Source material
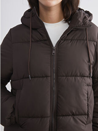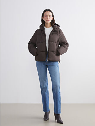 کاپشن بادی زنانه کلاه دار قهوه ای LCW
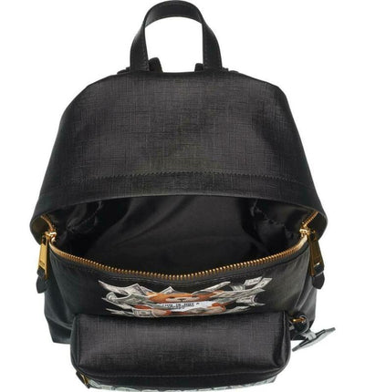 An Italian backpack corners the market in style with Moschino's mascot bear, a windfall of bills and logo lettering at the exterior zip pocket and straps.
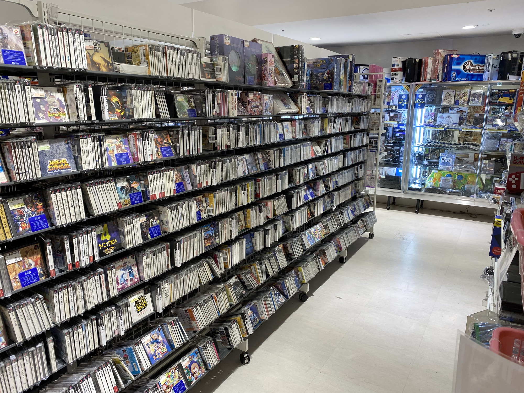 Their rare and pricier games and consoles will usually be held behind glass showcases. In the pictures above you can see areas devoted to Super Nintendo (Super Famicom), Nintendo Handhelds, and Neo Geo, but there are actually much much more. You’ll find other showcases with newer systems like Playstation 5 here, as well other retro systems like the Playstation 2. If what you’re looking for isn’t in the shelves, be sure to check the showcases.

Goal of the exercise
Your answer should reproduce every line of the data verbatim and include no images.

Task result
 کاپشن بادی زنانه کلاه دار قهوه ای LCW
 An Italian backpack corners the market in style with Moschino's mascot bear, a windfall of bills and logo lettering at the exterior zip pocket and straps.
 Their rare and pricier games and consoles will usually be held behind glass showcases. In the pictures above you can see areas devoted to Super Nintendo (Super Famicom), Nintendo Handhelds, and Neo Geo, but there are actually much much more. You’ll find other showcases with newer systems like Playstation 5 here, as well other retro systems like the Playstation 2. If what you’re looking for isn’t in the shelves, be sure to check the showcases.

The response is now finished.